- **TASK TO COMPLETE**
Return the run of lines below that opens with the line containing "Product Name: Geforce gt 710 spec clearance" and closes with the line containing "第2部、烏山中吹奏楽部の演奏", keeping each one exact.

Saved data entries

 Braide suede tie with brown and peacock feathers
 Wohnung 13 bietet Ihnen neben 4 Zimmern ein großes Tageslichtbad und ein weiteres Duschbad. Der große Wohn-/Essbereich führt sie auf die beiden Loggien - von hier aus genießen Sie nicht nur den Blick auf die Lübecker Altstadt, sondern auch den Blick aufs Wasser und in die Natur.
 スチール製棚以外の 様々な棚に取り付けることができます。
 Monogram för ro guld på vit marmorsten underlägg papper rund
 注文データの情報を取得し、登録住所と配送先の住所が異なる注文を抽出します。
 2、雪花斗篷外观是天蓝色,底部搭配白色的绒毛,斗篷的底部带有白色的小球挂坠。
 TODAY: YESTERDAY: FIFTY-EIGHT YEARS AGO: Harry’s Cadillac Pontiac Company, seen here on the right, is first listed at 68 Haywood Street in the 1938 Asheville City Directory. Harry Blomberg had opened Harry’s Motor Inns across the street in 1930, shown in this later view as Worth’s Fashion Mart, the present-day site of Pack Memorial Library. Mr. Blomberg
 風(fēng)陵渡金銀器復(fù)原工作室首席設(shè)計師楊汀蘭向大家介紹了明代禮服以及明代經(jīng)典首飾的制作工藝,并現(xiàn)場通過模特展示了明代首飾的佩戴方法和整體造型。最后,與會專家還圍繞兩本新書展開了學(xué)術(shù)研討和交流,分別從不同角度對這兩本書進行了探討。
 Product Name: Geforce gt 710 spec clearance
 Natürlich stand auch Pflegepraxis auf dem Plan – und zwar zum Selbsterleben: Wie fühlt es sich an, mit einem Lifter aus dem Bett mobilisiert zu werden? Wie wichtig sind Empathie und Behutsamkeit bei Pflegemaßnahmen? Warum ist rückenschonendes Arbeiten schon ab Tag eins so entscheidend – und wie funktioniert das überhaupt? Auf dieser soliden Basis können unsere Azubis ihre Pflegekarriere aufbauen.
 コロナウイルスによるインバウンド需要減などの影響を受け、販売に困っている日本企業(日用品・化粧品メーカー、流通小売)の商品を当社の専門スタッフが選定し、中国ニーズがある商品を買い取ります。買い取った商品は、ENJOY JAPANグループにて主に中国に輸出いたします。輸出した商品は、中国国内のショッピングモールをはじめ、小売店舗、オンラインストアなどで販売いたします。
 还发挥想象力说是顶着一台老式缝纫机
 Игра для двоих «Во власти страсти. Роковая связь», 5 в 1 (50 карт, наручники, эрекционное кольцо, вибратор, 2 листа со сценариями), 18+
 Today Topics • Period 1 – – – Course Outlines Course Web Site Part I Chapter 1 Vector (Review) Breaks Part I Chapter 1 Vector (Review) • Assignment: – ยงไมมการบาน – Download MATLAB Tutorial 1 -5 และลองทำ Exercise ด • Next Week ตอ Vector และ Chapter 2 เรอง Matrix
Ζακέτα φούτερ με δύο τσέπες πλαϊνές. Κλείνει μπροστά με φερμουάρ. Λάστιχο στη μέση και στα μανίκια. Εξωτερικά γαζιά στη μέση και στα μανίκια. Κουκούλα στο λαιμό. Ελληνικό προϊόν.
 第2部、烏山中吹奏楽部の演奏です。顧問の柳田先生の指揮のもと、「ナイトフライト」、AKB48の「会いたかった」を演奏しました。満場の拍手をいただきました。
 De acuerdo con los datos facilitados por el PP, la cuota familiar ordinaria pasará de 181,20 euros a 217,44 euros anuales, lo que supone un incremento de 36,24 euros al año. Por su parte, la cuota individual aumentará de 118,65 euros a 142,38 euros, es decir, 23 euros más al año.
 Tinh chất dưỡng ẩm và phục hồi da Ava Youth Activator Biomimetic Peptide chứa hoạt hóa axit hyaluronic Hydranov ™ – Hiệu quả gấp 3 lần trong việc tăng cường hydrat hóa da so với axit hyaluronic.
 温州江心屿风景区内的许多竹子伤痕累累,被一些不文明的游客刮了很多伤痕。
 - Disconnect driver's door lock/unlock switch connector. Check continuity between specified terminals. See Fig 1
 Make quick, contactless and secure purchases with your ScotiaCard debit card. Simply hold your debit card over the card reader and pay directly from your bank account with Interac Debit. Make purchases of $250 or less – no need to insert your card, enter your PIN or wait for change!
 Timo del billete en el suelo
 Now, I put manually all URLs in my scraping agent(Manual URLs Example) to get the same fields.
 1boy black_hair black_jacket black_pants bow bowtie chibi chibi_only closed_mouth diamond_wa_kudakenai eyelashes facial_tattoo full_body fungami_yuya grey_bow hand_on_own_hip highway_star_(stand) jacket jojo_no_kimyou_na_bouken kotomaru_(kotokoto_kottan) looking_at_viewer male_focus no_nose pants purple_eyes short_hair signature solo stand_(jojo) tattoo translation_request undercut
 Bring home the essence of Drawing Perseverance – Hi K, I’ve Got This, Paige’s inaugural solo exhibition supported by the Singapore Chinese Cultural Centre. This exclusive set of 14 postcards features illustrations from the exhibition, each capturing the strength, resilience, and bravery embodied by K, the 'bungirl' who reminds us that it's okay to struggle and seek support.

- **ANSWER SECTION**
 Product Name: Geforce gt 710 spec clearance
 Natürlich stand auch Pflegepraxis auf dem Plan – und zwar zum Selbsterleben: Wie fühlt es sich an, mit einem Lifter aus dem Bett mobilisiert zu werden? Wie wichtig sind Empathie und Behutsamkeit bei Pflegemaßnahmen? Warum ist rückenschonendes Arbeiten schon ab Tag eins so entscheidend – und wie funktioniert das überhaupt? Auf dieser soliden Basis können unsere Azubis ihre Pflegekarriere aufbauen.
 コロナウイルスによるインバウンド需要減などの影響を受け、販売に困っている日本企業(日用品・化粧品メーカー、流通小売)の商品を当社の専門スタッフが選定し、中国ニーズがある商品を買い取ります。買い取った商品は、ENJOY JAPANグループにて主に中国に輸出いたします。輸出した商品は、中国国内のショッピングモールをはじめ、小売店舗、オンラインストアなどで販売いたします。
 还发挥想象力说是顶着一台老式缝纫机
 Игра для двоих «Во власти страсти. Роковая связь», 5 в 1 (50 карт, наручники, эрекционное кольцо, вибратор, 2 листа со сценариями), 18+
 Today Topics • Period 1 – – – Course Outlines Course Web Site Part I Chapter 1 Vector (Review) Breaks Part I Chapter 1 Vector (Review) • Assignment: – ยงไมมการบาน – Download MATLAB Tutorial 1 -5 และลองทำ Exercise ด • Next Week ตอ Vector และ Chapter 2 เรอง Matrix
Ζακέτα φούτερ με δύο τσέπες πλαϊνές. Κλείνει μπροστά με φερμουάρ. Λάστιχο στη μέση και στα μανίκια. Εξωτερικά γαζιά στη μέση και στα μανίκια. Κουκούλα στο λαιμό. Ελληνικό προϊόν.
 第2部、烏山中吹奏楽部の演奏です。顧問の柳田先生の指揮のもと、「ナイトフライト」、AKB48の「会いたかった」を演奏しました。満場の拍手をいただきました。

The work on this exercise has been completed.